Covid 19 – Le retour !

Un titre qui fait penser à la suite d’un mauvais film.

La covid 19 revient, c’est un fait assuré. C’était un fait prévisible tant que nous n’aurons ni protocole de soin, ni vaccin.

Nos entreprises ont souffert et des professionnels de la photographie souffrent encore de cette crise, loin d’être terminée. Je parle des photographes de mariage, scolaires, corporates…

Pourquoi en sommes nous là ? Pour deux raisons majeures, aussi grave l’une que l’autre.

La première : un virus, nouveau, incontrôlable, contre lequel nous n’avions au début aucune information, aucune piste d’attaque pour soigner. Nous avons eu beaucoup de chance, en tant qu’espèce, que ce virus n’ait pas été plus méchant.

La deuxième : les mots vont être durs, même si ils sont à minorer par l’attitude des gens eux mêmes. Nos hommes politiques n’ont pas été à la hauteur sur le suivi humain de la crise après le dé-confinement. Quand je dis nos hommes politiques, je ne parle pas que du gouvernement, mais de l’ensemble de la classe politique qui n’a rien dit. Le masque aurait du être obligatoire à la sortie du confinement, dans la rue et les lieux publics. Malheureusement, un politique, tout cotés confondus, des extrêmes au centre, ne peut priver les électeurs de vacances et va donc utiliser une phrase teintée d’hypocrisie : s’en remettre à la responsabilité individuelle.

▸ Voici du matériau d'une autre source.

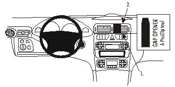 Hook the angled edge of the upper part of the ProClip into the gap next to the gap opener. Pull out the gap opener.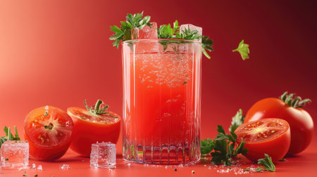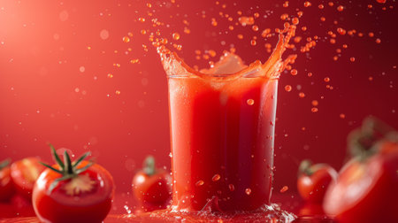 tomato juice splashes in mid-air against a vivid red backdrop, embodying a lively and refreshing beverage idea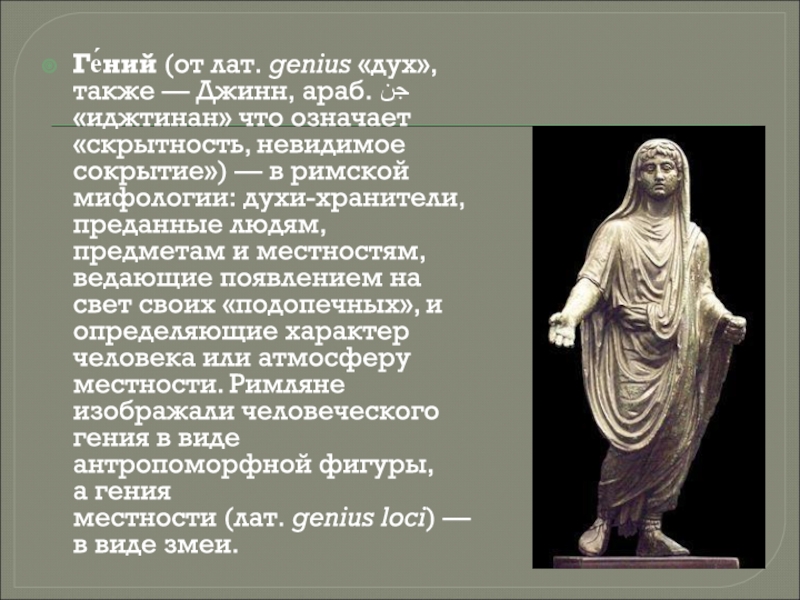 Слайд 5Ге́ний (от лат. genius «дух», также — Джинн, араб. جن «иджтинан» что означает «скрытность, невидимое сокрытие») — в

Bien entendu, les polémiques vont reprendre :

  • plus de tests donc plus de malades, c’est donc normal
  • les médecins se contredisent
  • On va avoir un vaccin bientôt
  • on en parle trop à la télé
  • ça touche que les personnes âgées ou prédisposées

Ce qui est important n’est pas le nombre de malades dépistés par les tests, mais le pourcentage de malades par rapport au nombre de gens testés, et celui-ci augmente, de même que les hospitalisations et les réanimations.

Certains médecins ont leur moment de gloire en passant à la télévision ou à la radio. Des généralistes deviennent infectiologues. Un médecin, même spécialisé, peut donner un avis un jour qui sera à modifier par la suite par les connaissances plus approfondies du virus.

Le vaccin : imaginons un vaccin pour le mois de novembre. Si la Chine lance une fabrication de vaccin, elle pourra produire un milliard de dose par an, chiffre colossal, à ramener aux presque 8 milliards d’habitants de notre Terre. 8 ans pour vacciner tout le monde. Qui vacciner en premier ? Ceux qui ont des hôpitaux ou ceux qui n’en ont pas ?

La télévision, et les médias en général. On en parle, oui. Est-ce qu’on écoute ? Quand un journal national d’importance nationale dit qu’il n’y a pas plus de mort dû au Covid au premier trimestre 2020 par rapport à 2019, les lecteurs généralisent l’info et crient au complot. Au premier trimestre, l’épidémie n’est pas engagée encore …

Cela ne touche que les personnes agées : rien que cela, c’est déjà trop mais pourtant, une adolescente de 16 ans en est morte en France, un jeune de 14 ans est en réanimation à Bordeaux. Des jeunes gens ont contractés la Covid et ont des séquelles. Ce n’est pas une maladie banale. Elle peut toucher vos proches, vos enfants.

Mais ce dont on ne parle pas, c’est que cela touche nos entreprises, et par la même, la vie de nos employés, de nos clients, de nos fournisseurs. C’est voir des entreprises stables, rentables, devenir fragiles, vulnérables, voir fermer.

La responsabilité individuelle ! C’est chez les autres que cela ferme, dommage …

Un client qui pert son emploi met mon entreprise en péril, et mes fournisseurs aussi qui eut même vont mettre en péril d’autres structures Et peut-être votre propre emploi.

Comment éviter cela ? En insistant sur les gestes barrières, les normes sanitaires dans les magasins, le port du masque Dans la rue, les transports, non pas dans de le cadre d’une responsabilité individuelle mais d’une responsabilité collective, quoique nous en pensions à titre individuel. C’est pénible de voir ses proches et de ne pas leur faire la bise, de ne pas serrer la main aux clients qu’on apprécie, de remplacer tout ces gestes tellement basiques par un simple regard par dessus un masque.

Ces propos ne sont pas ceux du président de la Chambre Syndicale de la Photographie Professionnelle, mais ceux d’un responsable d’entreprise, de quelqu’un qui aimerait que tout redevienne comme avant, d’un homme qui aimerait embrasser sa mère de 85 ans, de quelqu’un qui aimerait faire une bonne bouffe avec ses amis sans devoir penser à tout cela… De quelqu’un qui sait que ce ne sera pas pour tout de suite et qu’il peut, à son petit niveau, proteger les autres en faisant attention à eux par des gestes simples et en avançant masqué.